Tuesday, August 01, 2006

division of labor is limited by the extent of the market? The counter-case of the Okayama farm-engine industrial district in Japan1, The

Can the market stimulate the productivity-enhancing evolution of industry organization? Such was the basic proposition of Stigler (1951) echoing the famous proposition of Adam Smith (1776). The purpose of this paper is to explore this issue, using as a counter-example the case of the rise and fall of the Okayama farm-engine producing industrial district in Japan. This was a case in the early postwar period where market expansion was rapid, and a number of independent producers with wide-ranging and expanding competencies responded to the growing market-but in such a way that vertical disintegration was limited. The competitive regime that took root in Okayama proved to be an impediment when mass production producers elsewhere in Japan entered the market, and the Okayama industrial district was swept away-despite doing everything that would be expected in a flexible specialization setting.

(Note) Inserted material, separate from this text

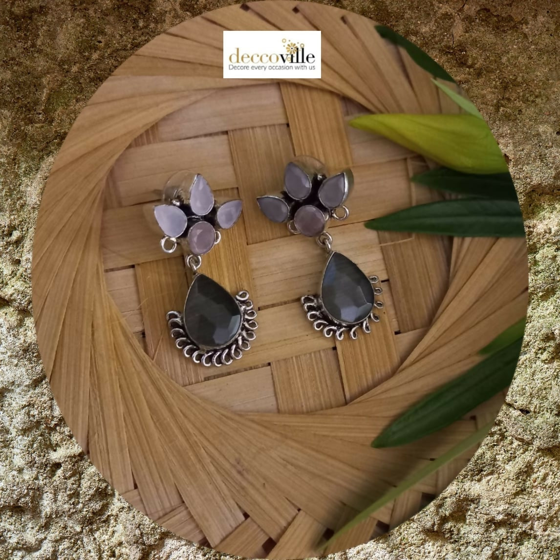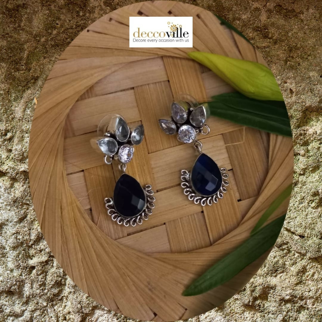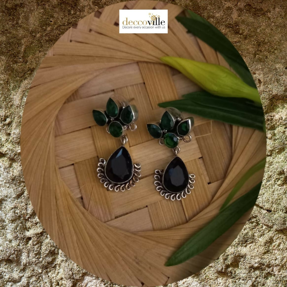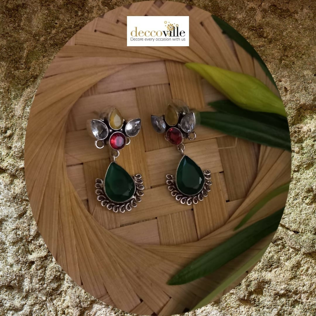 Add timeless charm to your look with these exquisite German silver stone studs. Crafted with intricate detailing and highlighted by vibrant stones, these earrings blend traditional craftsmanship with a touch of sparkle.

The proposition that the division of labor is the main cause of productivity growth is as old as economics itself. It has also been argued that as a market grows, a vertically disintegrated industry organization evolves, which enhances productivity. This notion stems from the famous proposition of Adam Smith that the division of labor is limited by the extent of a market. The history of the computer industry illustrates this proposition quite well, as vertical disintegration has emerged as the computer market has grown. The Okayama case engages with the second proposition, namely that as a market grows, a vertically disintegrated industry organization evolves, which enhances productivity. Can market growth alone induce the disintegration of industry organization? Can a market select a particular, disintegrated form of industry organization? If the answer to these questions is "no", then the development of industry through disintegration should not be understood as simply the consequence of market competition. Instead, non-market coordination among firms or policy interventions would be necessary.